____ GIVEN DATA
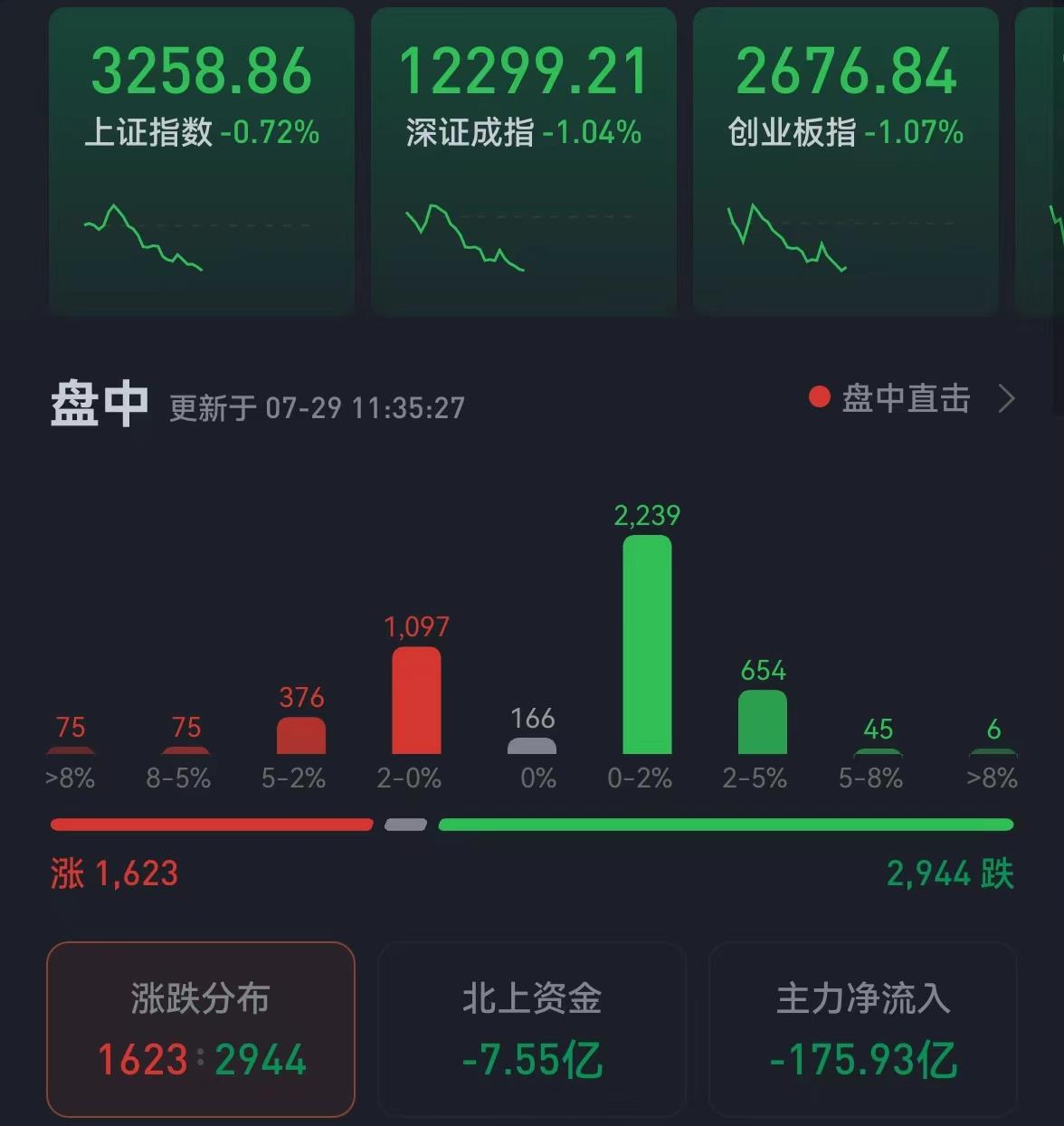 周五(7月29日),三大股指震蕩回落。截至上午收盤(pán),上證指數(shù)跌幅達(dá)0.72%,報(bào)3258.86點(diǎn);深證成指和創(chuàng)業(yè)板指跌幅分別為1.04%和1.07%;滬深兩市合計(jì)成交額6223.8億元,總體來(lái)看,兩市個(gè)股跌多漲少。
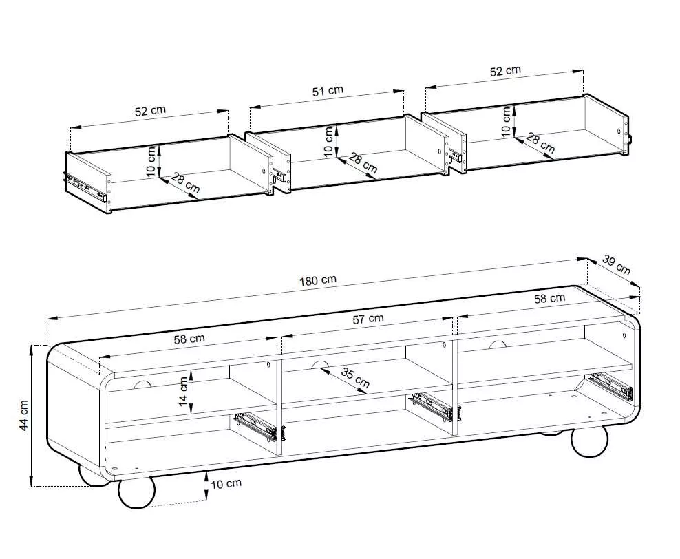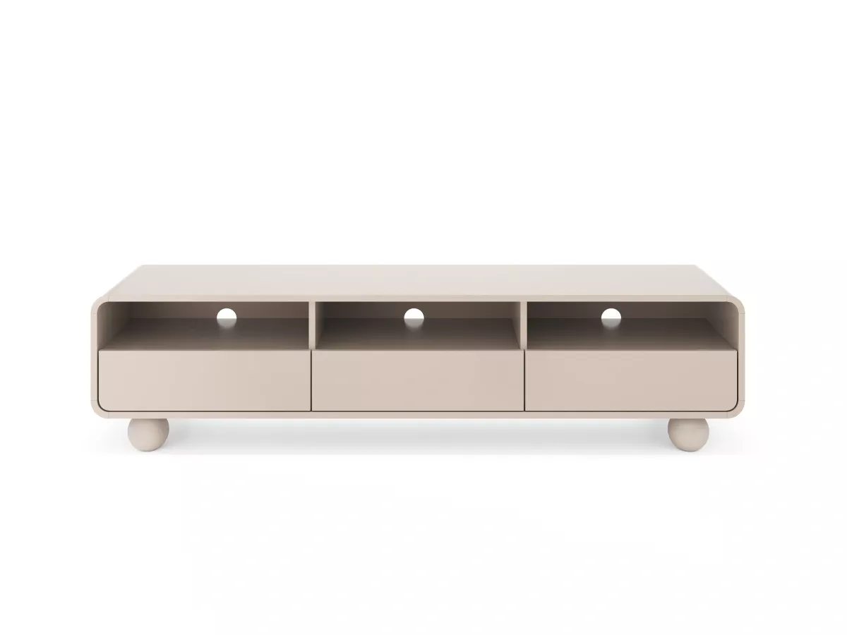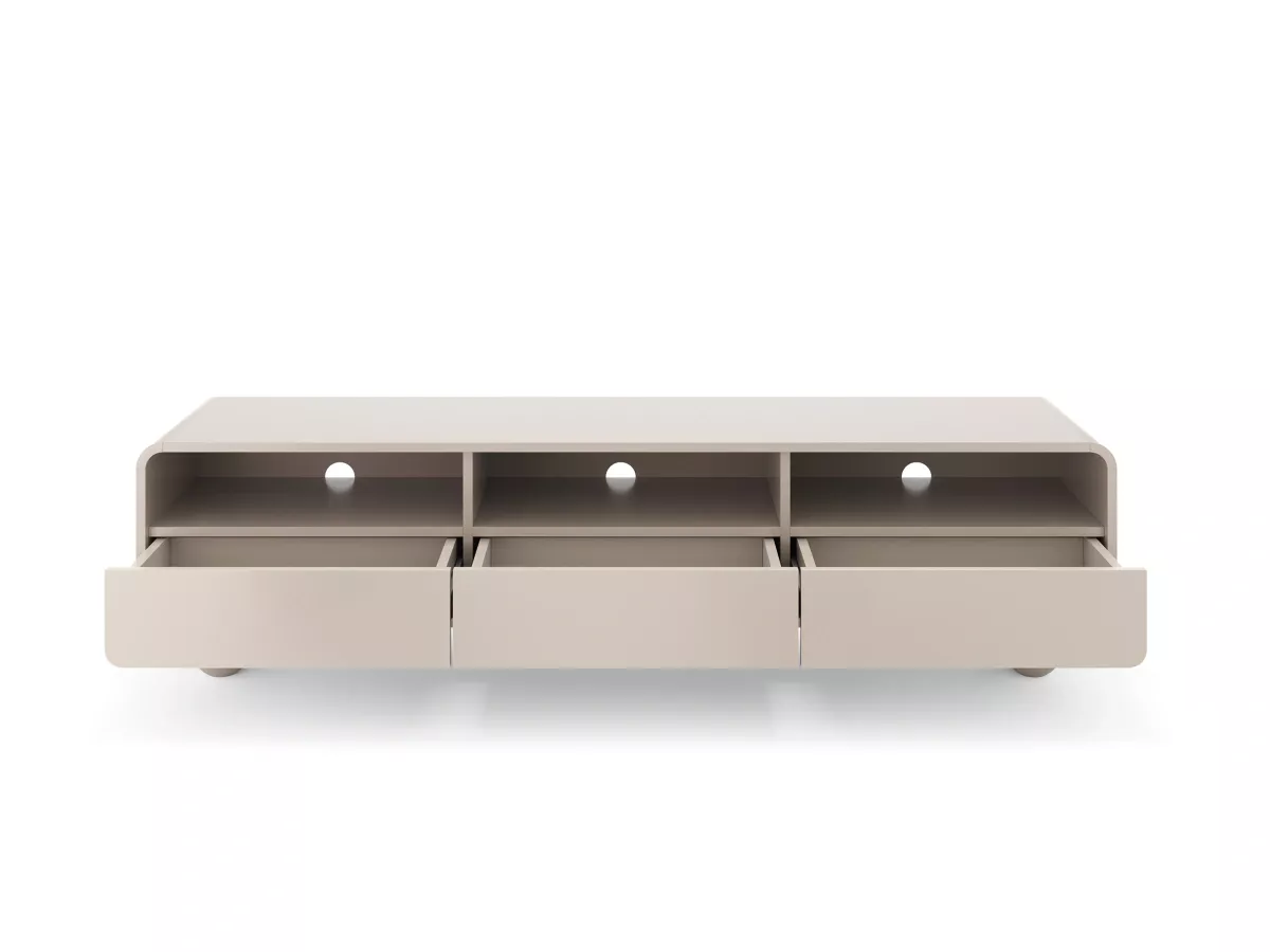 TV stolek DARIO na první pohled zaujme svými designovými nožkami ve tvaru koule. Stolek disponuje 3 šuplíky pro uložení veškerého televizního příslušenství a 3 otvory pro vývod kabelů. Systém otevírání push to open zpříjemní každodenní používání.
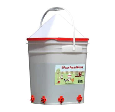 New Horizontal nipples prevent ground/bedding from getting wet. Rest your bucket on the ground when filling with water! 2 gallons lasts 4 hens more than 5 days! Easy to fill - Removable capo on lid. No need to hang!
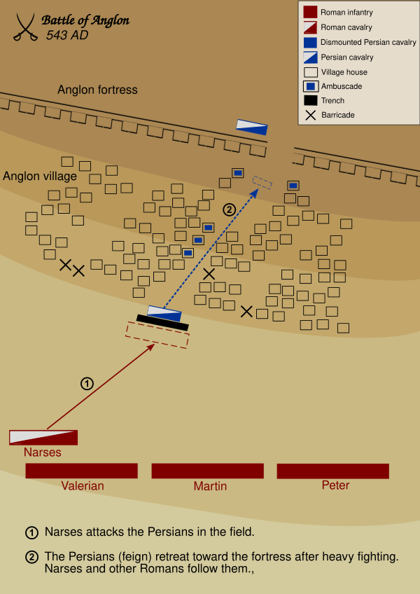 Единственный нарративный источник о сражении при Англоне — «Война с персами» Прокопия Кесарийского[1].
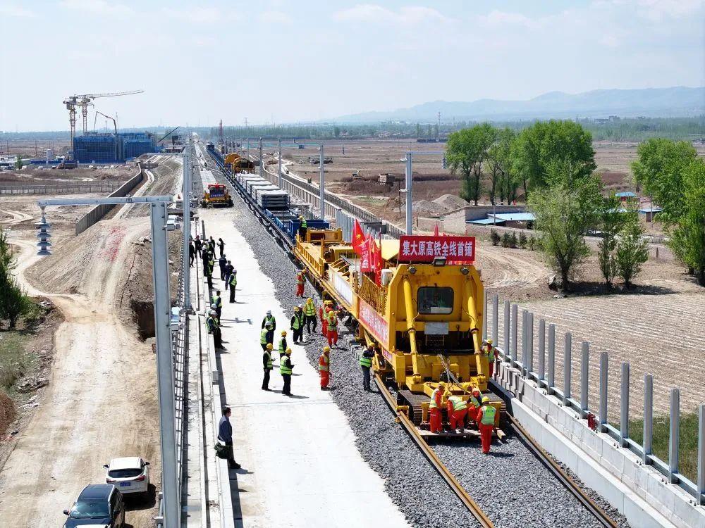 2024/04/22新华社讯:4月20日,位于山西省朔州市的集大原高铁贺家堡跨荣乌高速特大桥施工现场,随着首对500米长钢轨在铺轨机牵引下缓缓牵出、精准落位,集大原高铁开始进入铺轨施工阶段。集宁至大同至原平高速铁路北起内蒙古自...
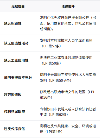 法律依据:专利无效的法定理由(LPI 第152条、153条)
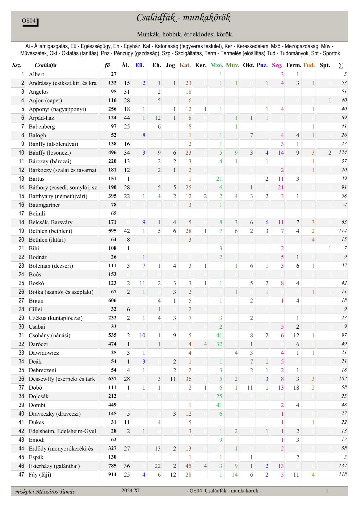 OS04 Családfák - Munkakörök (Occupations) Works, hobbies, interests (per person and summarized) 1. State administration (Ái), 2. Healthcare (Eü), 3. Church (Eh), 4. Law, 5. Military (Kat), 6. Trade (Ker), 7. Agriculture (Mző), 8. Arts (Műv), 9. Education, teaching (Okt), 10. Finance, economy (Pnz), 11. Service (Szg), 12. Production, manufacture (Term), 13. Sciences (Tud), 14. Sports (Spt)
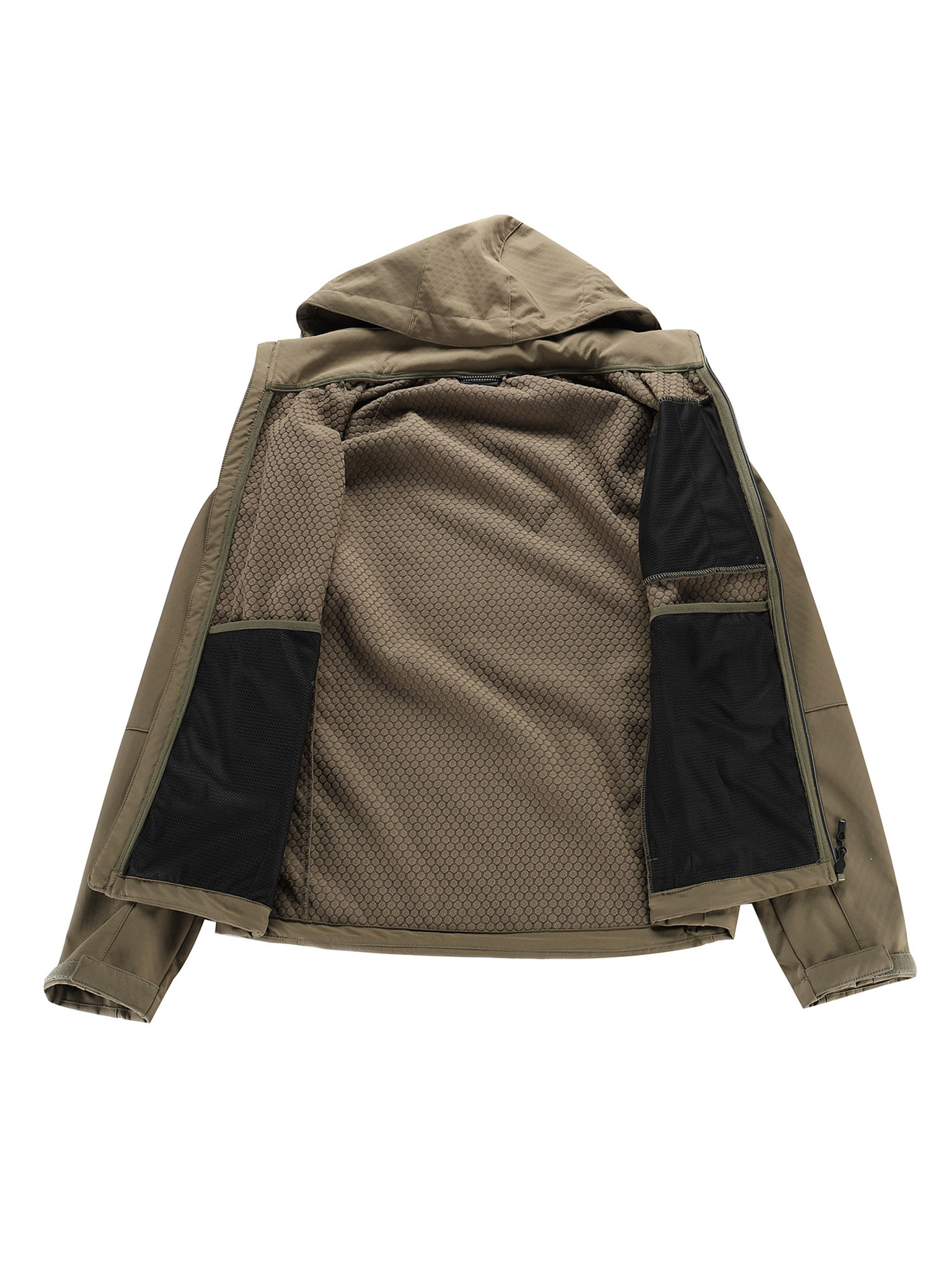 Pánska bunda s vysokým golierom a kapucňou svetlohnedá Ombre Oblečenie
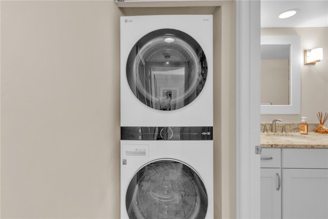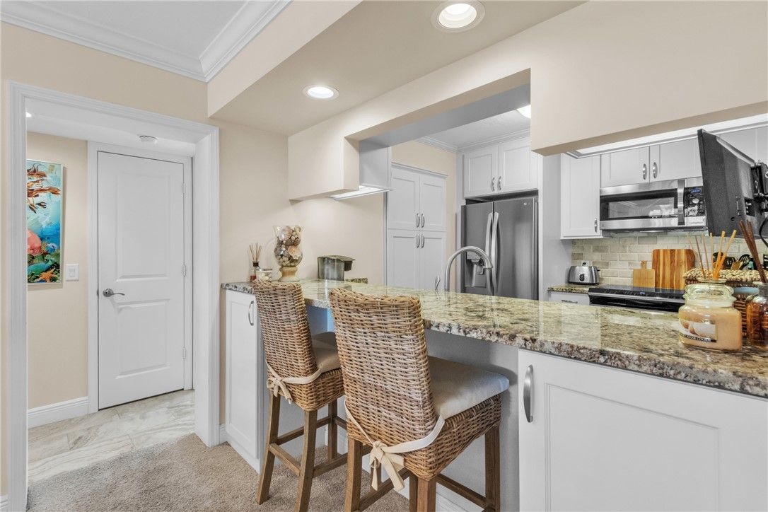 Bright, beautiful, renovated & ready to impress! This FIRST FLOOR, furnished-turnkey END UNIT shines w/ upgrades at every turn—crown molding, window wood trim, textured ceilings & plantation shutters! All closets boast California-style shelving! Stunning kitchen boasts granite counters, tumbled marble backsplash, SS appliances, pantry, TV, under lighting & added cabinets! BRAND NEW AC! Relax in added Jacuzzi tub or walk-in tiled shower/Rest in an adjustable king size Tempur-Pedic or Sleep Number bed! STEPS from heated pool! This gem blends comfort, quality & convenience in a perfect package!
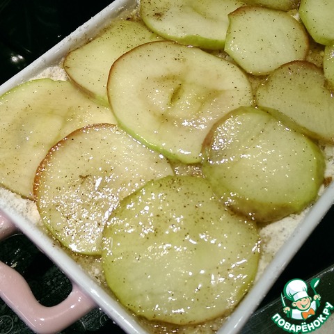 Потом поверх выложите яблочно-коричную массу. Следом еще слой сыпучей смеси и яблок. В середину высыпаем бОльшую часть сухой смеси (!). Последний слой из сыпучей смеси должен быть самым тоненьким.
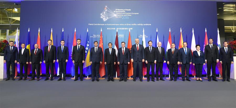 Chinese Premier Li Keqiang (8th L) and the heads of government of 16 Central and Eastern European Countries (CEEC) pose for a group photo during the Fifth Meeting of Heads of Government of CEEC and China in Riga, Latvia, Nov. 5, 2016. (Xinhua/Rao Aimin)
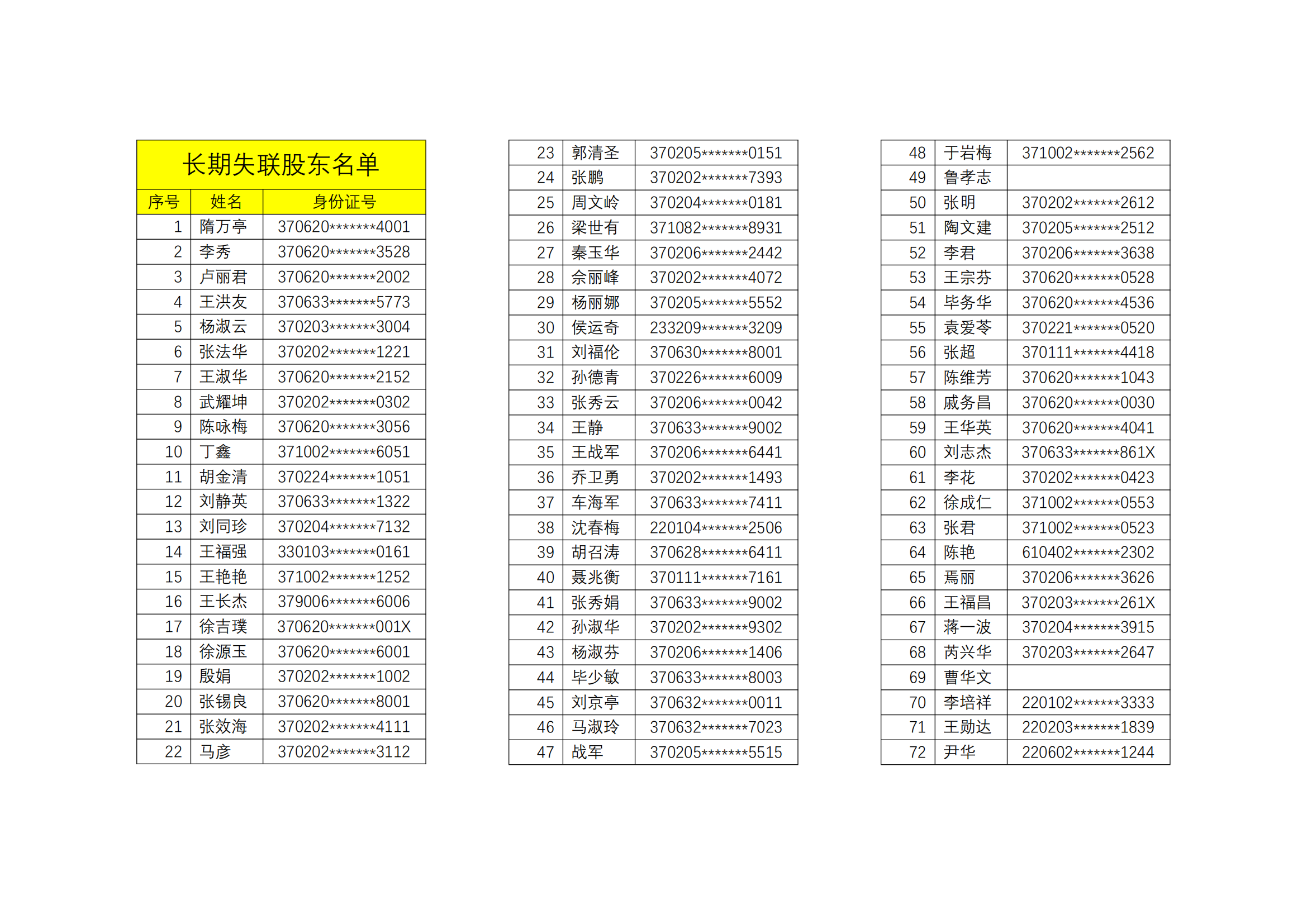 現公司對(duì)長(cháng)期未與公司聯系的股東進(jìn)行公告通知。股東應自公告之日起(qǐ)30日内聯系公司,辦理股權認領事(shì)宜。請股東盡快與本公司聯系。如有知情人士,請見此公告後(hòu)協助廣而告之。
________
__WHAT THE EXERCISE ASKS__. What belongs in the answer is each line above from the line with "2024/04/22新华社讯" to the line with "OS04 Családfák - Munkakörök", inclusive, reproduced exactly and free of pictures.

__ANSWER SPACE__.
 2024/04/22新华社讯:4月20日,位于山西省朔州市的集大原高铁贺家堡跨荣乌高速特大桥施工现场,随着首对500米长钢轨在铺轨机牵引下缓缓牵出、精准落位,集大原高铁开始进入铺轨施工阶段。集宁至大同至原平高速铁路北起内蒙古自...
 法律依据:专利无效的法定理由(LPI 第152条、153条)
 OS04 Családfák - Munkakörök (Occupations) Works, hobbies, interests (per person and summarized) 1. State administration (Ái), 2. Healthcare (Eü), 3. Church (Eh), 4. Law, 5. Military (Kat), 6. Trade (Ker), 7. Agriculture (Mző), 8. Arts (Műv), 9. Education, teaching (Okt), 10. Finance, economy (Pnz), 11. Service (Szg), 12. Production, manufacture (Term), 13. Sciences (Tud), 14. Sports (Spt)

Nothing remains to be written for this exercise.